I can’t start off this week’s blog without nodding to the topics covered by the last two weeks. How are we all doing? Me? I am doing better. Writing about it. Talking about it. Praying about it…not in that order…has helped me gain reserves back.

Not fully. But so much better. It helps that Spring is starting to show itself here. And we are enjoying the mid 40’s with some nice walks and fresh air. ( hey, we were -15, so 40 is a heat wave!)

I hope you have all found a way to strengthen yours as well.

But I wanted to write about something that I was thinking about for our families.

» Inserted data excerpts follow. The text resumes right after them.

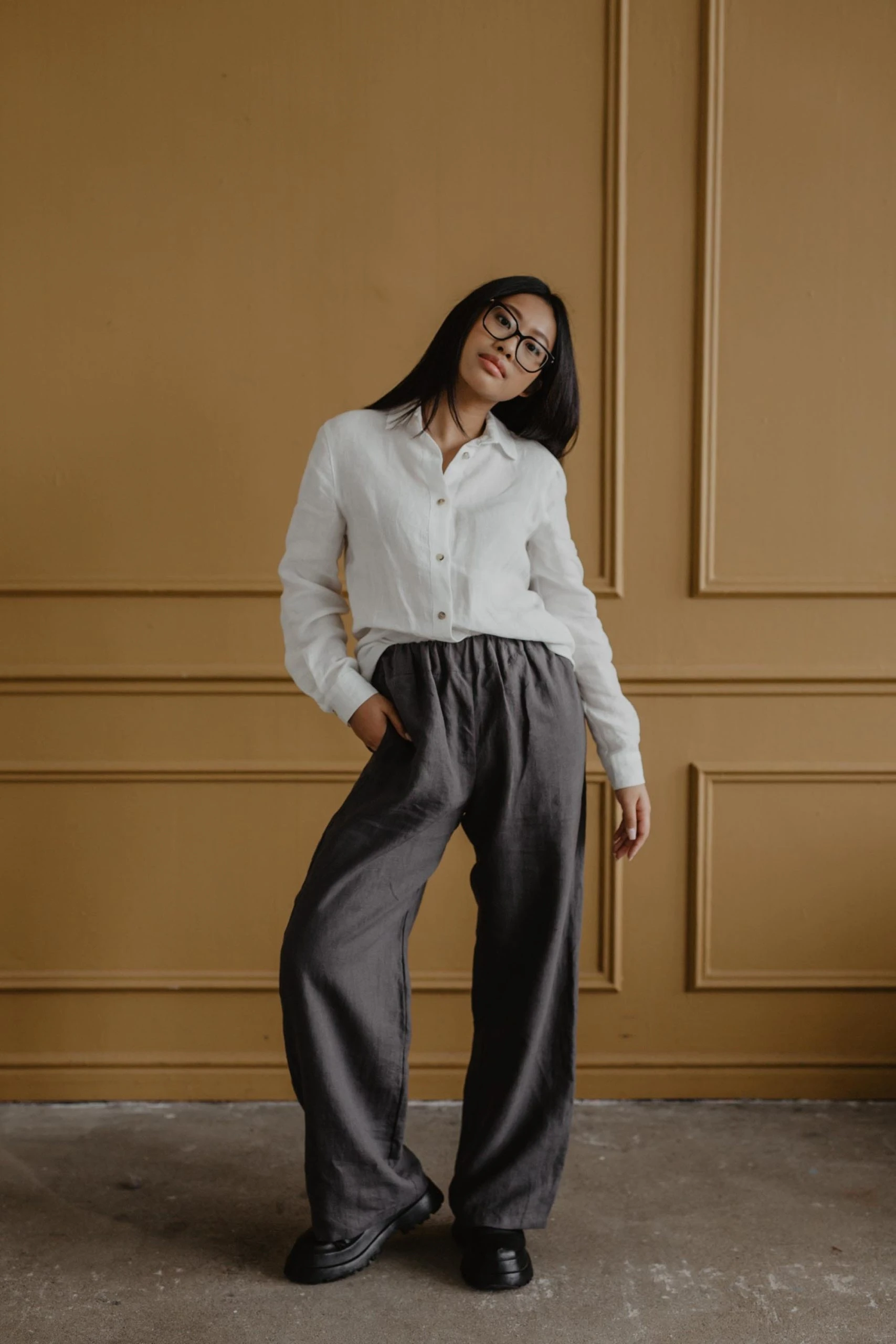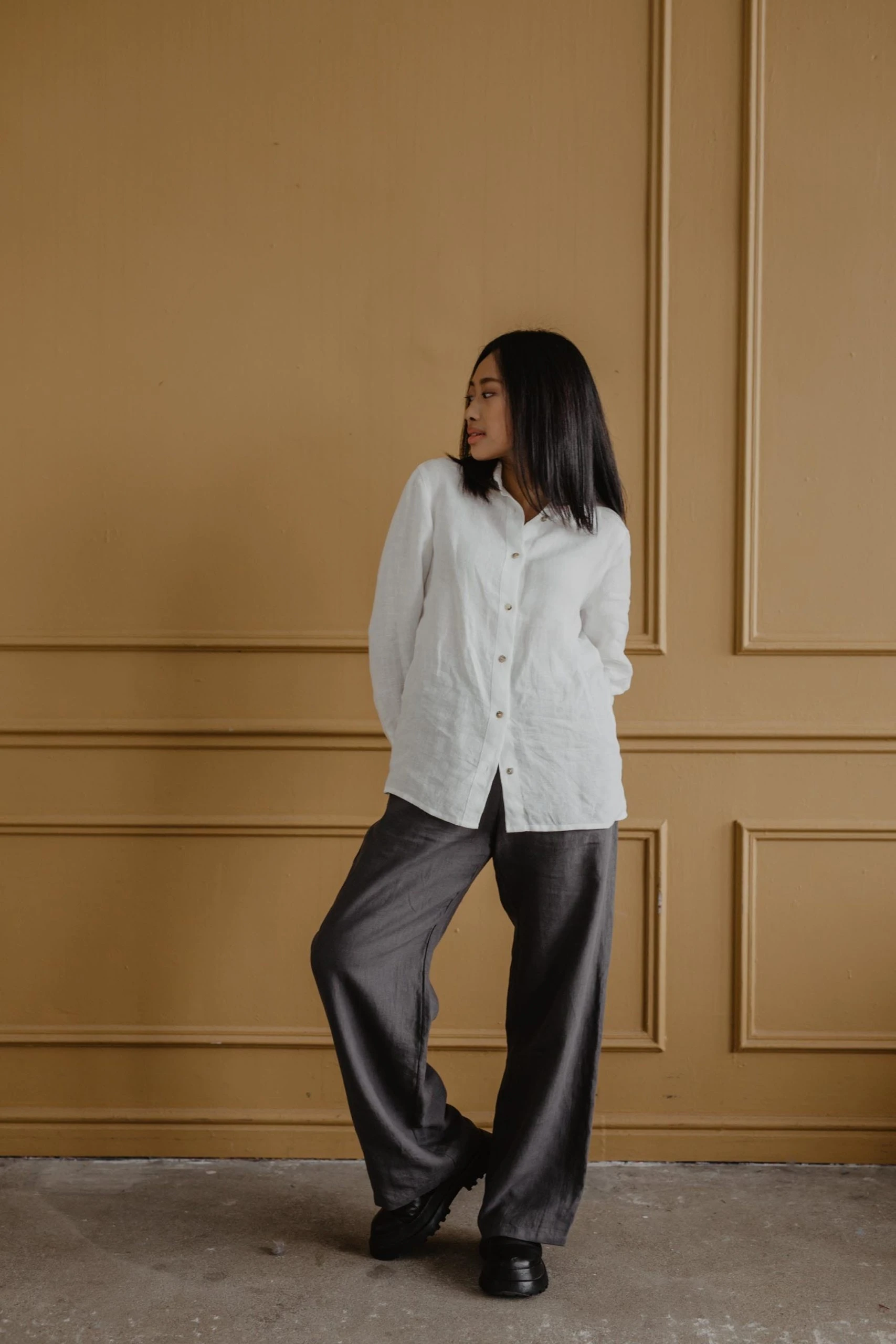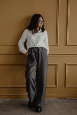 Long and loose linen Pants Oulu. With an elastic waist band and pockets. Perfect for every occasion – you can wear it to work, a date or a night out!.
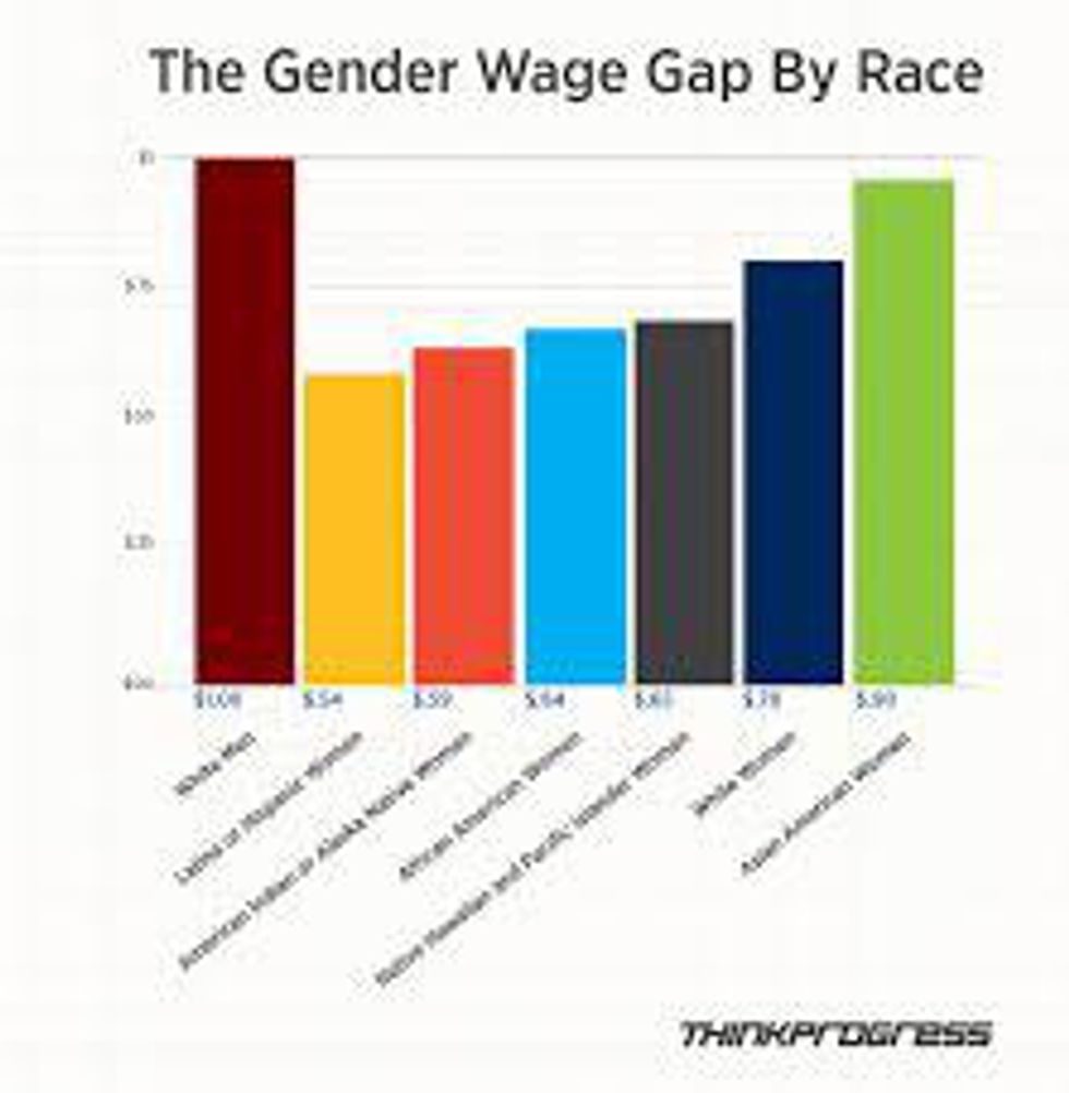African American women were paid 63% of every dollar paid to white men, the gap being largest for Hispanic and Latina women, who were paid 54% of every dollar. These numbers are from 2014, recorded by aauw.org where other pay gap percentages of women based on race and ethnicity can be found.
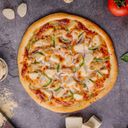 Topped with mozzarella cheese, chicken, capsicum, green chili
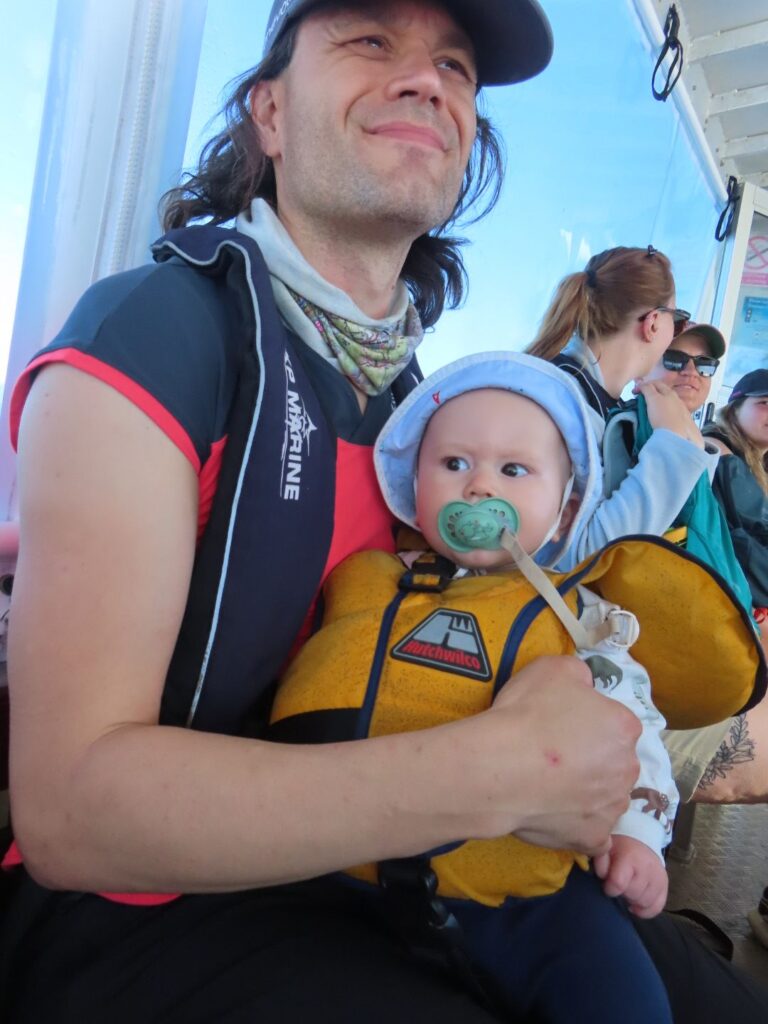 Wir bekommen alle Schwimmwesten, auch Elias. Er macht die Überfahrten gut mit, nickt irgendwann sogar ein. Ich übernehme kurz das Steuer als der Skipper draußen die Scheibe putzen muss.

Especially those who have a special needs child who is at the age where they can be vaccinated for COVID.

I started to think about it for Elizabeth as she will soon be able to get the vaccine. Which one? Not sure. But our plan is to vaccinate her. For those who don’t know, we all had COVID last April during the first wave.

And it was scary.

At that time, no one really knew the way to treat or what medications would really help.

Our time that we had it went so slowly as we kept checking the date on the calendar to get to day 14…the date we were then told was the “end”

So now a year later, we have the option of vaccination. One that we plan to take for Elizabeth. I know that it is a personal decision but for those who are thinking about it. I started to plan out a how to tell Elizabeth about it.

I mean a social story of sorts…tailored to her age of course. But one that covers all the steps that will happen as you go in for your vaccine. As well as what to expect right after….30 minutes after…and then any side effects.

What you say and how much you say of course depends on your child. You know them best. So you would tailor the information to fit your child’s needs, age etc….

I have to say that the 15-30 minute wait that is required could be a challenge for an anxious Elizabeth. Her SPD (Sensory Processing Disorder) could really raise her anxiety and make sitting a while a lot of work. So we will need to prepare for that. Maybe bring headphones for her to listen to music to.

But telling her what to expect is really key for her success. So the more she knows about how the experience will go, the better for her. I know everyone is different, so again, this is just me talking.

I know that there are required forms to fill out…I may try to get those done ahead of time, if possible. This way I can carry them in instead of sitting and filling them out. That would only increase Elizabeth’s anxiety.

I also know that there could be a wait in line. She needs to know to expect that as well.

And then the actual shot. How can I help her prepare best for the feeling it brings. Sore arm? I need to be the one to watch her for any reaction but she needs to know to tell me if she feels anything. So I need to go over what that anything looks like….for the 15-30 minute wait.

Then it helps is she knows she MAY feel a bit off in the next day or two. I do not know about your children, but Elizabeth simply hates to feel ill. So it is important that she knows if she does feel ill it is only for a day or so and due to the vaccine working….she also needs to be able to ask for Tylenol if she needs to .

Again, I feel that prepping before hand as best you can, decreasing anxiety and increases the chance of good success.

Another thing to go over is the WHY of the vaccine. I had a nice talk with Elizabeth about why we would like her to get the vaccine when she can. She is an adult, so the conversation was geared in that direction.

I know that the choice everyone’s to make. But if the vaccine choice is one you are making. I thought it might be helpful to think of some of these things. The vaccine experience is not really the same as any other shots our children have had, so it helps to be that little bit ahead if you can.

I wish everyone a peaceful week. And please wear a mask.

Michele Gianetti author of Elizabeth Believes In Herself.